2010- Bluetooth 4.0: This was the most significant change since Bluetooth inception back in 1998. This added what we now call Bluetooth Low Energy, a totally different protocol than the original Bluetooth Classic. BLE was fundamentally designed around the use of 3-volt coin batteries to power IoT devices and sensors. BLE has been so well adopted that the last specification update to older Bluetooth Classic was made back in 2014 in the BT4.2 release. All enhancements to the Bluetooth specification added since then have been made specifically for Bluetooth Low Energy.

2016- Bluetooth 5.0: This consisted of three enhancements, the most significant being the addition of a 2Mbps mode (formally limited to 1Mbps) and Long-Range modes (up to 4x the range) enabled by “Coded PHYs” via the use of forward error correction.

2020- Bluetooth 5.2: This was coined as a “game changer” as it added LE audio (audio over BLE) which previously was only supported by the older, point-to-point Bluetooth Classic protocol. This provided significant power savings for BLE audio devices such as headphone and ear buds, increased audio quality, and enabled “broadcast” audio (one-to-many) which the BT SIG has recently branded as Auracast™.

2023 – Bluetooth 5.4: This consisted of four enhancements, with the most notable being Periodic Advertising with Responses (PAwR) and to a lesser degree Encrypted Advertising Data (EAD). These features were primarily driven by Electronic Shelf Labeling or ESL. I consider this as an inflection point compared to other specifications because this is creating an entirely new market for BLE as the ESL vendors move from propriety wireless protocols to standardizing on BLE.  There are several other applications for PAwR, which some are calling the new BLE Mesh since the original BT5.1 Mesh specification from back in 2017 hasn’t seen a significant adoption rate. There are also uses for PAwR in automotive applications such as e-vehicle Battery Management Systems (BMS) and Tire Pressuring Monitoring Systems (TPMS) that will be built into the actual tire itself.

So what are the next inflection points for Bluetooth Low Energy? We look forward to three significant enhancement that are currently being defined in the working groups. 

  • Channel Sounding or High-Accuracy Distance Measurement (HADM). This feature is expected to be released in 2024 and enables the creation of locating systems that can provide even higher levels of accuracy/positioning. There is also a strong pull from automotive applications such as digital keys.
  • Higher Data Throughput is another attractive enhancement that is a bit further out in time. The intent is to increase the current 2Mbps throughput rates up to 6-8 Mbps. This will address applications requiring higher performance/streaming larger media, gaming, and even higher quality audio. 
  • Higher Frequency Bands, which is even further out in time, defines the operation of BLE in additional unlicensed mid-band spectrums such as the 5-6 GHz frequency band.
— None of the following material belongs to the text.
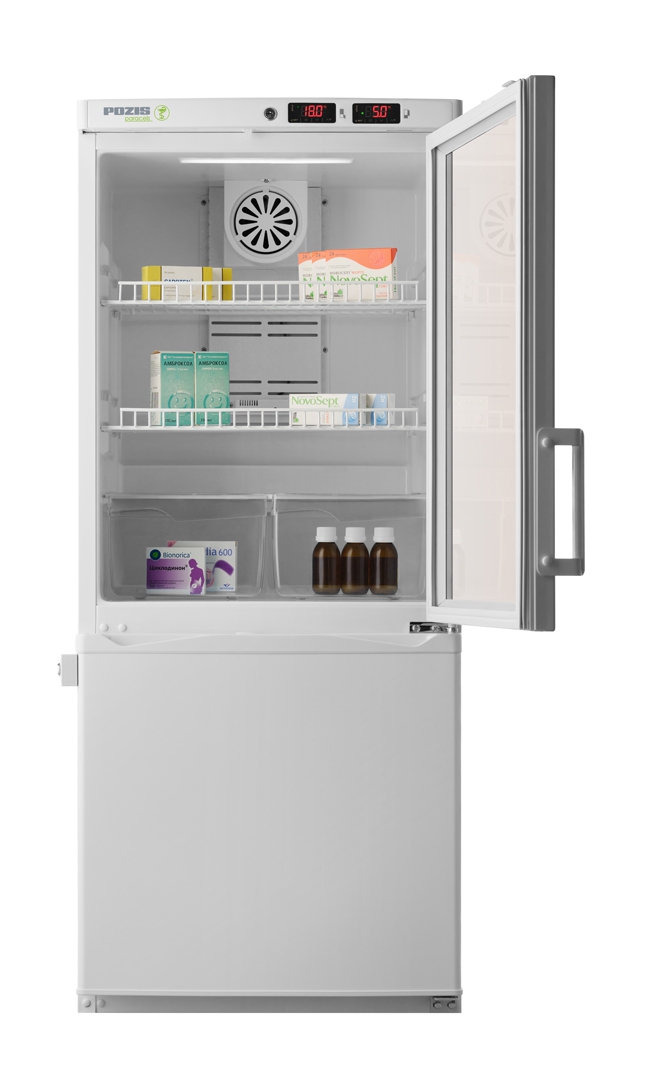 Предназначен для работы в лабораториях различных направлений и диагностических центрах (ПЦР, биохимические, иммунологические и гематологические исследования), на станциях переливания крови и в серологических лабораториях, при оснащении аптек, аптечных производственных отделений и фармацевтических предприятий, прививочных кабинетов и ветеринарных клиник. Холодильник обеспечивает потребность в хранении лекарственных препаратов, средств, образцов, тест-наборов и других фармацевтических средств при температуре от +2°С до +15°С в холодильной камере и при температурах от минус 10°С до минус 25°С в морозильной камере. Основные характеристики: 2 микропроцессорных регулятора температур со сверхчувствительными датчиками температуры, система принудительной циркуляции воздуха в холодильной камере, в холодильном отделении дверь стеклянная с замком, в морозильном отделении дверь металлическая с замком, автоматическое поддержание температуры в камерах, сигнализация при отклонении температуры от заданной, отображение температуры на табло панели управления, отключение вентилятора при открывании двери.

This will alleviate some of the wireless congestion currently in the 2.4GHz frequency band as well as improve latency. 

The last section of the paper will discuss how these upcoming enhancements will change the complexion of Bluetooth sourcing decisions.

Make vs buy

Every silicon vendor is challenged with the decision to either design various functional blocks of their SoC in-house or license existing design blocks of “IP” (Intellectual property) from 3rd party suppliers. Most all silicon vendors license several IP blocks to build their SoC. This includes CPU cores, interconnect systems, memory controllers, security elements, and a variety of wired interfaces. Why should BLE be any different?

When it comes to Bluetooth IP, we have seen a significant uptake in the last couple of years from silicon vendors making the decision to license already proven BLE solutions vs. expending their expensive internal engineering resources to design it in-house. This is yet another inflection point in delivering BLE devices to market.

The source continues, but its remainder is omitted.